=== Entries supplied ===

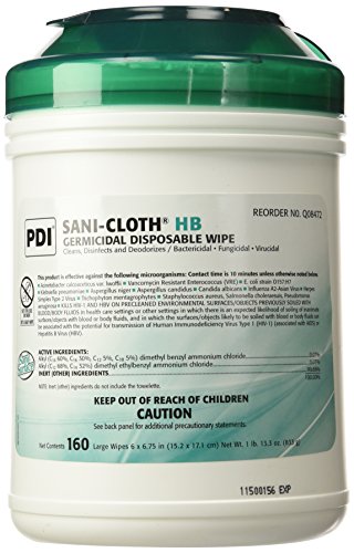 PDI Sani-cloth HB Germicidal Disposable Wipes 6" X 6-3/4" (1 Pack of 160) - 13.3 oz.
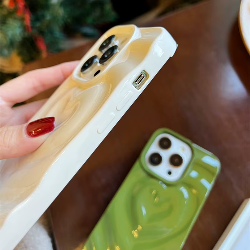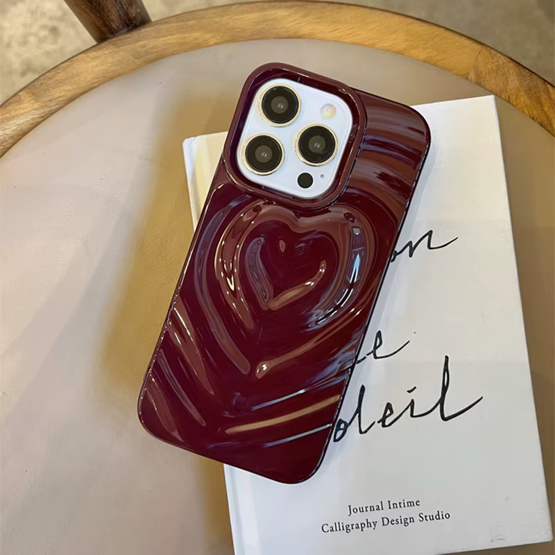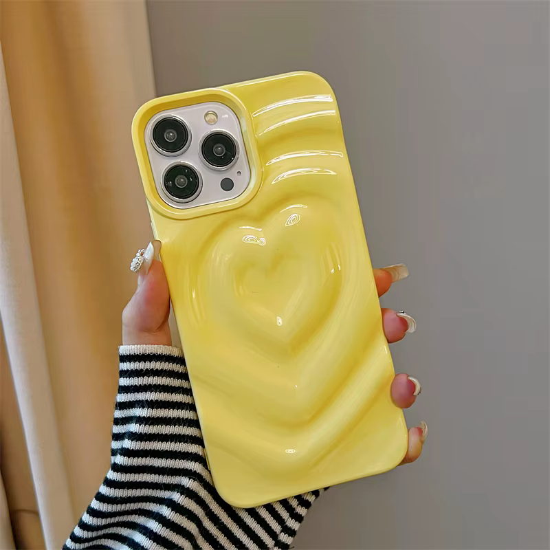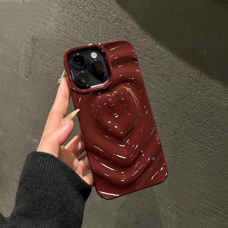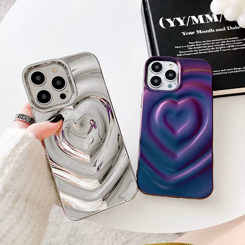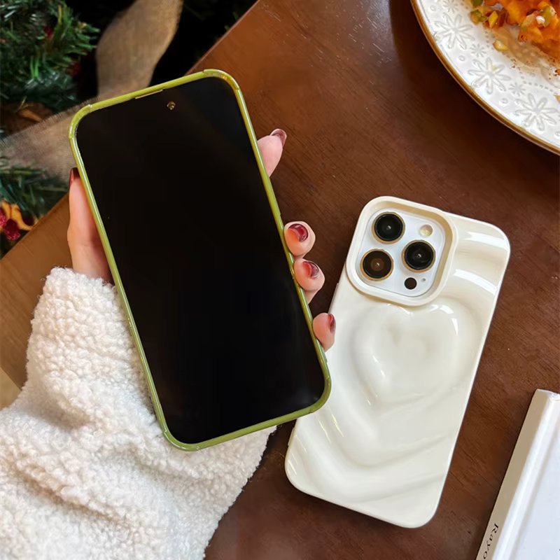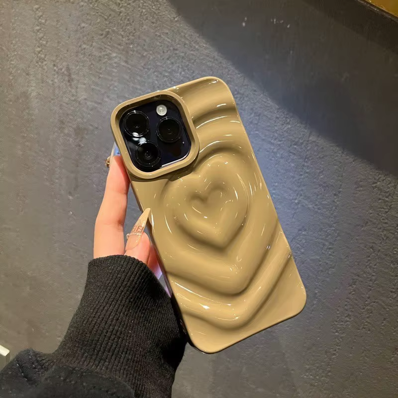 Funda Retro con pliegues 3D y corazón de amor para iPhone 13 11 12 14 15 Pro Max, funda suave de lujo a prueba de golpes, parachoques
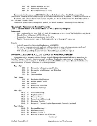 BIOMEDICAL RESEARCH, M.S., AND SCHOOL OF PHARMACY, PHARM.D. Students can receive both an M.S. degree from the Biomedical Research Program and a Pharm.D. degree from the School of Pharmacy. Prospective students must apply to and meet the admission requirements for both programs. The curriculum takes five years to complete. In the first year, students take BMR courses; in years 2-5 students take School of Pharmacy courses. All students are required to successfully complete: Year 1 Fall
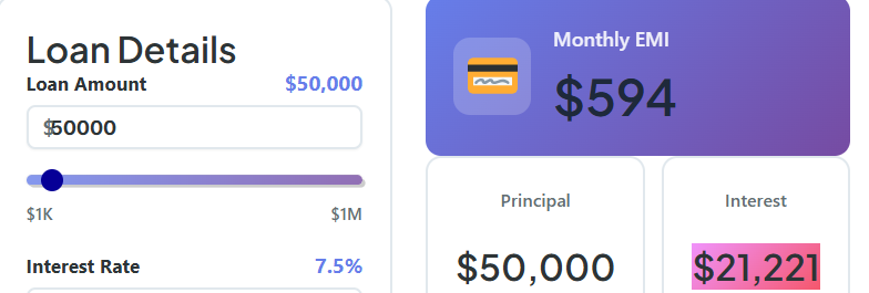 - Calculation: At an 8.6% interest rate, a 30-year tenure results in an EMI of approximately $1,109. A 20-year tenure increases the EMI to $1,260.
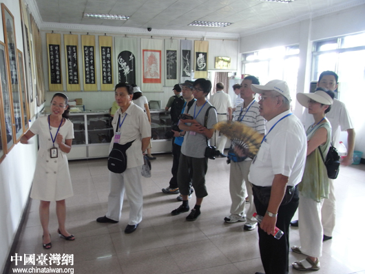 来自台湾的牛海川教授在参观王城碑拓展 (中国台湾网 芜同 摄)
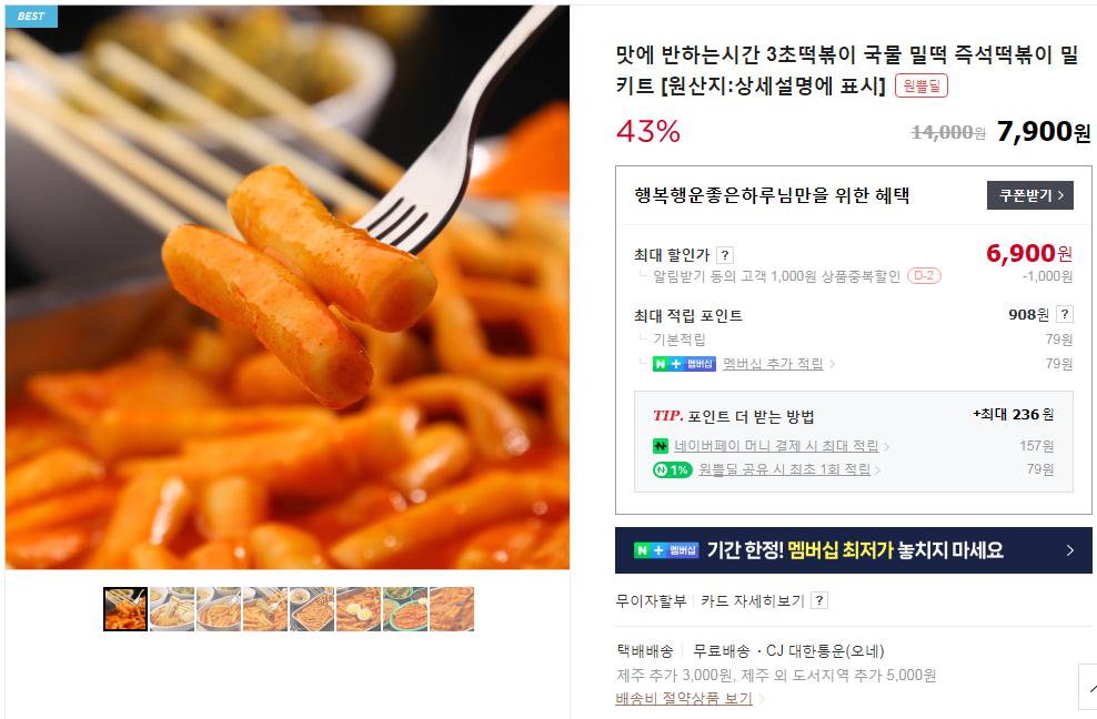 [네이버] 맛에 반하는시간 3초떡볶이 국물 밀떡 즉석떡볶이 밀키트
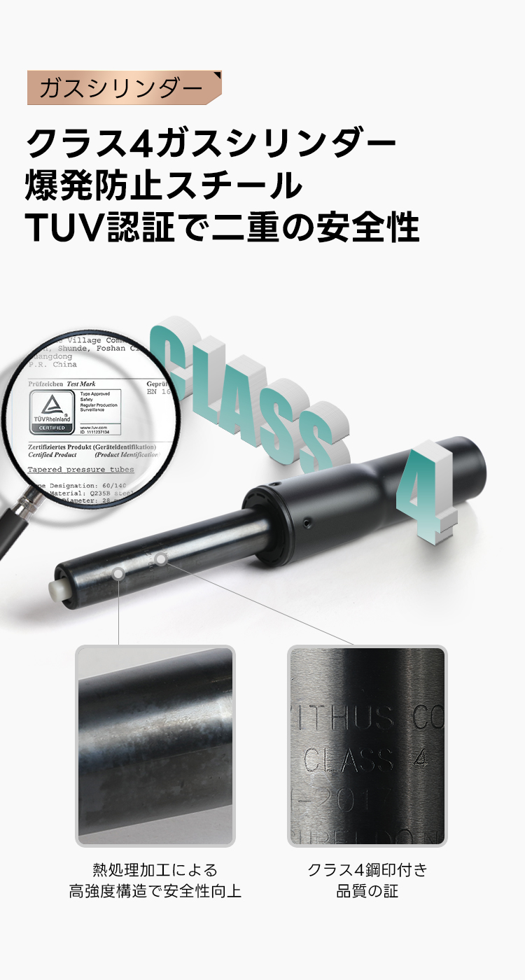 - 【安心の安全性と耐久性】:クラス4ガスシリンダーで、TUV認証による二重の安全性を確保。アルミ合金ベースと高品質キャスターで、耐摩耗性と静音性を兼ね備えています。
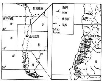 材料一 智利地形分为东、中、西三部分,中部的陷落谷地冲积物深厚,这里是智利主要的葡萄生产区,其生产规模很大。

===
=== Entries supplied ===

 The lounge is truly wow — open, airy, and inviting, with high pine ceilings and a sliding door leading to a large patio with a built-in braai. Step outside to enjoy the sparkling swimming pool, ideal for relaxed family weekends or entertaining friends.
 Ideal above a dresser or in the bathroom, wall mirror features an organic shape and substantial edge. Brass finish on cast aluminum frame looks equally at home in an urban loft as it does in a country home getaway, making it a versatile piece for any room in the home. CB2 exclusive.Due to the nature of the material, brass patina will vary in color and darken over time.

===

• _What the task requires_
Word for word, repeat the lines above from the one with "Funda Retro con" through the one with "BIOMEDICAL RESEARCH, M.S., AND", and nothing beyond them. Omit the pictures.

• _Answer for the task_
 Funda Retro con pliegues 3D y corazón de amor para iPhone 13 11 12 14 15 Pro Max, funda suave de lujo a prueba de golpes, parachoques
 BIOMEDICAL RESEARCH, M.S., AND SCHOOL OF PHARMACY, PHARM.D. Students can receive both an M.S. degree from the Biomedical Research Program and a Pharm.D. degree from the School of Pharmacy. Prospective students must apply to and meet the admission requirements for both programs. The curriculum takes five years to complete. In the first year, students take BMR courses; in years 2-5 students take School of Pharmacy courses. All students are required to successfully complete: Year 1 Fall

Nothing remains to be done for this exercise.